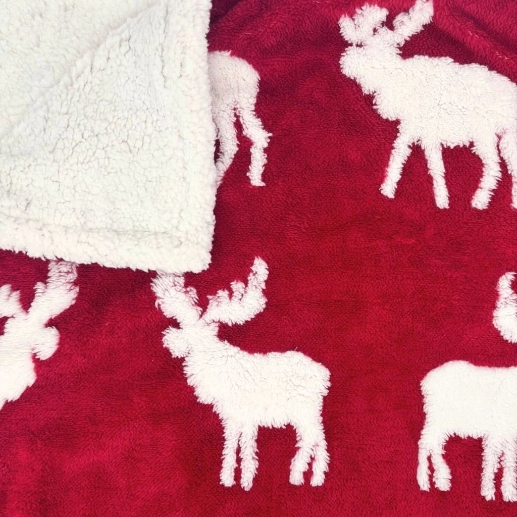 - Teplú mikroflanelovú deku s baránkom. Červená s bielym žakárovým vzorom losa, 50 x 200 cm.
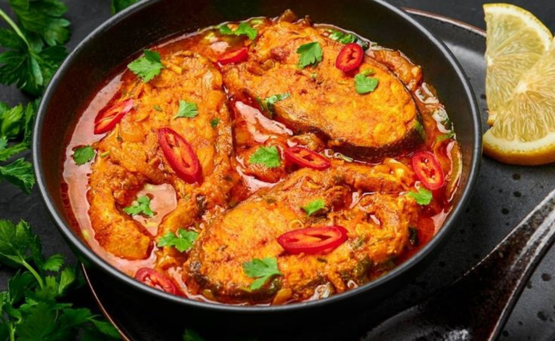 Marinate the fish: Rub the fish pieces with salt and turmeric powder. Set aside for about 10-15 minutes. Fry the fish: Heat mustard oil in a pan until hot. Carefully add the fish pieces and fry until they are golden brown on both sides. Remove and set aside.
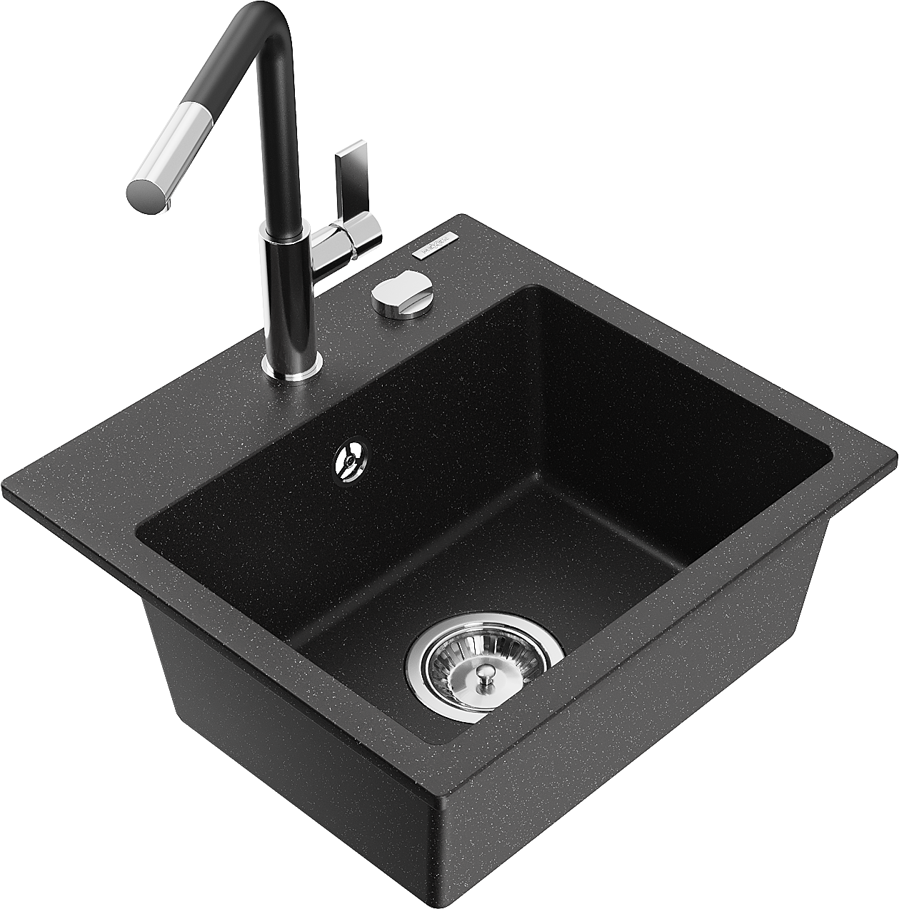 Mexen Milo chiuvetă de granit cu 1 compartiment cu baterie de bucătărie Flora, negru/argintiu metalic - 6505-73-670401-07
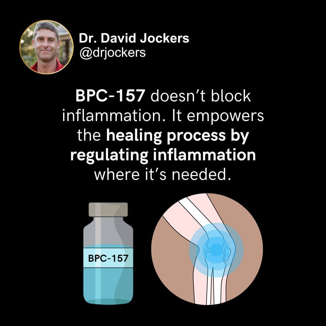 Unlike common anti-inflammatories that shut down the healing process, BPC-157 works with your body’s natural repair systems.
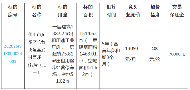 1.项目名称:佛山市顺德区伦教街道熹涌村西环一路2号(之一)公开招租项目

□ □ □ □ □

--- Task goal ---
The expected result is the material restated word for word, minus any picture.

--- Finished exercise ---
 - Teplú mikroflanelovú deku s baránkom. Červená s bielym žakárovým vzorom losa, 50 x 200 cm.
 Marinate the fish: Rub the fish pieces with salt and turmeric powder. Set aside for about 10-15 minutes. Fry the fish: Heat mustard oil in a pan until hot. Carefully add the fish pieces and fry until they are golden brown on both sides. Remove and set aside.
 Mexen Milo chiuvetă de granit cu 1 compartiment cu baterie de bucătărie Flora, negru/argintiu metalic - 6505-73-670401-07
 Unlike common anti-inflammatories that shut down the healing process, BPC-157 works with your body’s natural repair systems.
 1.项目名称:佛山市顺德区伦教街道熹涌村西环一路2号(之一)公开招租项目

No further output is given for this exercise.